"If two of you shall agree"

Since that day when the nations "agreed to disagree" with the warring powers of Central Europe, Christian Scientists, quickly accepting a situation which was virtually forced upon them by the logic of events, have been proving their faith by their works in a field entirely new to them, that is, in the Army and Navy camps, barracks, hospitals, and even prisons. Here they have ministered first to the needs of those who were already relying upon Christian Science in all their affairs, and secondly to all those who were hearing, though sometimes but faintly, the whisperings of Truth. Thus scores of men and women, all agreeing in plan and purpose, were soon at work among the hundreds of thousands of men concentrated for training at the great camps. Here daily was distributed The Christian Science Monitor by thousands, to the great satisfaction of the Army. Here the vest pocket editions of the Bible and "Science and Health with Key to the Scriptures," now so familiar to every Christian Scientist, were given to large numbers of men in the service, and always without cost of them. Here to that multitude of "unprejudiced minds" mentioned by our Leader on page 570 of Science and Health, which largely made up our fighting forces, was extended that aid and comfort which constitutes Welfare and Relief work; and here, too, was performed the task of removing veritable mountains of misunderstanding, bias, and incorrect thinking about Christian Science from the minds of many of those who had been given a false concept of this religion. Here hundreds were taught to study Christian Science, to work out their own problems by metaphysical means, to know how and why to depend on God, divine, omnipotent good, under all the circumstances of war. Here also they were instructed how to hold group readings of the Lesson-Sermon, in order that whenever two or three were gathered together they might have this encouragement. In these and other ways the Christ healing was made available to all.

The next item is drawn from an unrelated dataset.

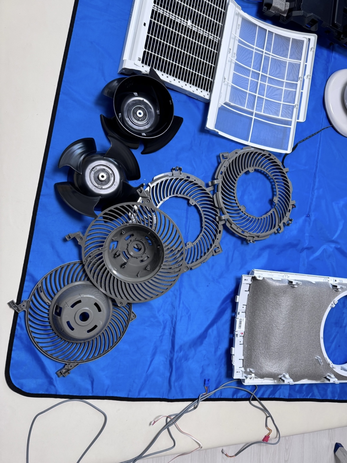 청소 후: 열교환기 반짝반짝, 송풍팬 완전 세척

So it was that for at least eighteen months in trench and camp, in heat and cold, in mud and snow, on land and sea, the power of divine Mind to remove the murderous dead weight of fear and discouragement, of sickness and sin, of hate and injustice, of death and disaster, which often threatened to crush completely many a young crusader, was proved daily, and that, too, by a rapidly increasing number and in ways that to them seemed quite as miraculous as did to Peter the lifting and removal by the angels of the dead weight of prison chains that weighed him down in Herod's dungeon. As in Peter's time, when many were gathered together praying for him, so the unselfish united thought, working in support of the men in camp, field, and rest areas, greatly aided the work of the practitioners or Camp Workers, as those who did the field work were generally called. It also wonderfully strengthened the groups of two, three, or more Christian Science soldiers who here and there, scattered all over the world, were depending wholly on divine Mind for their protection and guidance. This spiritual support helped them to realize that "the everlasting arms" were indeed underneath and around and above, whether their duties called them to sow a barrage of mines across the North Sea, rush a machine gun nest, or march along a shell swept road. And what a comfort this was as they held their simple Sunday services or Wednesday evening meetings in the shadow of a gun turret on some mighty dreadnought in mid-ocean, or in a shell hole in the Argonne.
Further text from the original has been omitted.